Sorry everyone mi just newtons this and really didn't mean to be rude just looking to improve my knowledge and hunt


----------



## bucksfan21 (Apr 6, 2013)

And again guys truly sorry and houndscry mainly to you buddy I wish I could just learn my tree cause I know I got great spots to go I found 9 pounds of yellow morels last year I just can't find the black and greys


----------



## rsbowhunt (Apr 15, 2013)

The blacks always seem to elude me here in Ohio, dont know why but I can never find them. When I go to Michigan, I can find em all day. They seem to be the pickiest Morel as far as habitat.


----------



## hugh (Apr 15, 2013)

Habitat for black varies by region, but I have found them most often around very large ash trees (usually living, but now some of the dead ones, too) and living and dead elm trees. I know many people also find them around tulip poplar, but I haven't so much in central Ohio. Hunting blacks is also a very different sport than hunting yellows. They come earlier, they are smaller, and they are about 1000 times harder to see. I know experienced hunters who never find blacks in Ohio. The one good thing about blacks is that they tend to come back more consistently year after year than yellows, so if you find a patch or an area you can hunt it for a long time.


----------



## rsbowhunt (Apr 15, 2013)

@ hugh. Well said. You really need the eye to see them. The only place in OH that I've ever found blacks is a woods in Seneca county as I am from Tiffin and I live in Dublin now. My Athens spot is littered with huge live Ash and some dead, tulips, elm, cherry and still no blacks.

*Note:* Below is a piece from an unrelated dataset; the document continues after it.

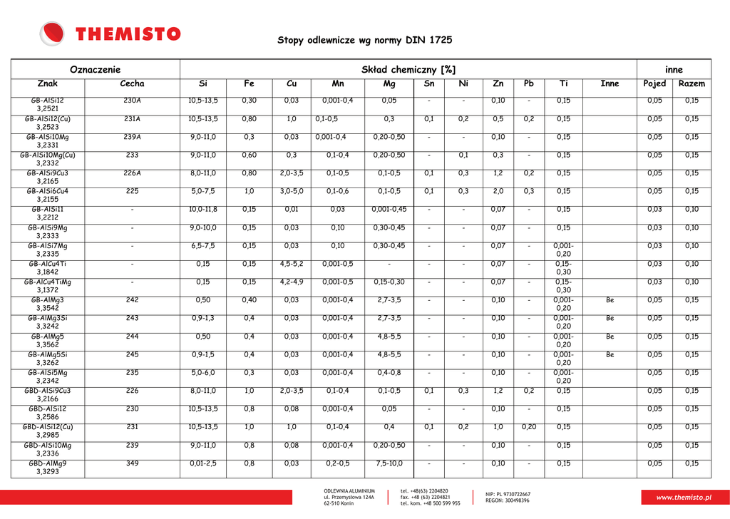 Stopy odlewnicze wg normy DIN 1725 Oznaczenie Skład chemiczny [%] inne Znak Cecha Si Fe Cu Mn Mg Sn Ni Zn Pb Ti GB-AlSi12 3,2521 GB-AlSi12(Cu) 3,2523 GB-AlSi10Mg 3,2331 GB-AlSi10Mg(Cu) 3,2332 GB-AlSi9Cu3 3,2165 GB-AlSi6Cu4 3,2155 GB-AlSi11 3,2212 GB-AlSi9Mg 3,2333 GB-AlSi7Mg 3,2335 GB-AlCu4Ti 3,1842 GB-AlCu4TiMg 3,1372 GB-AlMg3 3,3542 GB-AlMg3Si 3,3242 GB-AlMg5 3,3562 GB-AlMg5Si 3,3262 GB-AlSi5Mg 3,2342 GBD-AlSi9Cu3 3,2166 GBD-AlSi12 3,2586 GBD-AlSi12(Cu) 3,2985 GBD-AlSi10Mg 3,2336 GBD-AlMg9 3,3293 230A 10,5-13,5 0,30 0,03 0,001-0,4 0,05 - - 0,10 - 231A 10,5-13,5 0,80 1,0 Pojed Razem 0,15 0,05 0,15 0,3 0,1 0,2 0,5 0,2 0,15 0,05 0,15 239A 9,0-11,0 0,3 0,03 0,20-0,50 - - 0,10 - 0,15 0,05 0,15 233 9,0-11,0 0,60 0,3 0,1-0,4 0,20-0,50 - 0,1 0,3 - 0,15 0,05 0,15 226A 8,0-11,0 0,80 2,0-3,5 0,1-0,5 0,1-0,5 0,1 0,3 1,2 0,2 0,15 0,05 0,15 225 5,0-7,5 1,0 3,0-5,0 0,1-0,6 0,1-0,5 0,1 0,3 2,0 0,3 0,15 0,05 0,15 - 10,0-11,8 0,15 0,01 0,03 0,001-0,45 - - 0,07 - 0,15 0,03 0,10 - 9,0-10,0 0,15 0,03 0,10 0,30-0,45 - - 0,07 - 0,15 0,03 0,10 - 6,5-7,5 0,15 0,03 0,10 0,30-0,45 - - 0,07 - 0,03 0,10 0,15 0,15 4,5-5,2 0,001-0,5 - - - 0,07 - 0,03 0,10 - 0,15 0,15 4,2-4,9 0,001-0,5 0,15-0,30 - - 0,07 - 0,03 0,10 242 0,50 0,40 0,03 0,001-0,4 2,7-3,5 - - 0,10 - Be 0,05 0,15 243 0,9-1,3 0,4 0,03 0,001-0,4 2,7-3,5 - - 0,10 - Be 0,05 0,15 244 0,50 0,4 0,03 0,001-0,4 4,8-5,5 - - 0,10 - Be 0,05 0,15 245 0,9-1,5 0,4 0,03 0,001-0,4 4,8-5,5 - - 0,10 - Be 0,05 0,15 235 5,0-6,0 0,3 0,03 0,001-0,4 0,4-0,8 - - 0,10 - 0,05 0,15 226 8,0-11,0 1,0 2,0-3,5 0,1-0,4 0,1-0,5 0,1 0,3 1,2 0,2 0,0010,20 0,150,30 0,150,30 0,0010,20 0,0010,20 0,0010,20 0,0010,20 0,0010,20 0,15 - 0,05 0,15 230 10,5-13,5 0,8 0,08 0,001-0,4 0,05 - - 0,10 - 0,15 0,05 0,15 231 10,5-13,5 1,0 1,0 0,1-0,4 0,4 0,1 0,2 1,0 0,20 0,15 0,05 0,15 239 9,0-11,0 0,8 0,08 0,001-0,4 0,20-0,50 - - 0,10 - 0,15 0,05 0,15 349 0,01-2,5 0,8 0,03 0,2-0,5 7,5-10,0 - - 0,10 - 0,15 0,05 0,15 0,1-0,5 0,001-0,4 ODLEWNIA ALUMINIUM ul. Przemysłowa 124A 62-510 Konin tel. +48(63) 2204820 fax. +48 (63) 2204821 tel. kom. +48 500 599 955 NIP: PL 9730722667 REGON: 300498396 Inne www.themisto.pl

They are soooo tasty and I miss them dearly. Also for the first time for me just this morning in Athens I found a 4'' yellow at the base of a Sassafras. Ever heard of that?


----------



## sciotoguy (Apr 1, 2013)

@ Hugh,, It will be interesting to see what effect the ash borer control, will have on our finds. I have a cut down large ash tree in my yard, that only produced after it was cut down. 

Checking it daily here in S Delaware county, and nuthin yet.

Are you targeting stumps of ash? Like, if you saw a fresh peeling elm tree.

Or is it likely not to have any in central Ohio?


----------



## rsbowhunt (Apr 15, 2013)

@ sciotoguy, I'm in N dublin off sawmill rd, looking to head somewhere tomorrow(saturday) in franklin/union/fairfield. Hit me up if you to meet up. I had a decent day in Athens today. What about the stone quarry on section line rd if permission could be gained.


----------



## sciotoguy (Apr 1, 2013)

@rs by the airport? never noticed any good woods there,, maybe fence rows. Know of maybe? better spots that should be checked out close to you tho.


----------



## sciotoguy (Apr 1, 2013)

It just don't seem right hunting morels with a jacket and Hat and gloves, Done it before ,, but it is weird.


----------



## hugh (Apr 15, 2013)

@sciotoguy: I have definitely seen morels around ash stumps, at least in the first year after the cut. I haven't noticed huge flushes from dead ash (not like dead elms) but anything from none to maybe a dozen from the big dead ones


----------



## morelseeker (Oct 16, 2012)

Blacks aren't as abundant in the woods I hunt but still come on if the conditions are favorable year after year in the same general areas. Sometimes near wild pine trees, sometimes in a beech,ash forest or some near living elms. In Michigan I find them everywhere when the conditions are just right and generally have better luck in a beech, ash forest in Mi. Although the white ash seems best for blacks in Mi. and the green ash is good for other morels for me, I can't even consider this to be conclusive.


----------



## rsbowhunt (Apr 15, 2013)

@ sciotoguy- if interested I can be reached tonight, my cell is 919-614-4428, Reid. I have had great success very close to that area closer to the scioto but the property changed owners i believe and I no longer have access. Still early here but I believe there are ''pickable'' mushrooms somewhere in our area. I am a trustworthy guy and always in the woods.


----------



## sciotoguy (Apr 1, 2013)

@Rs, Doubt if I go out tomorrow,, Too darn cold, going to wait a few more days. they will keep, just like in the fridge.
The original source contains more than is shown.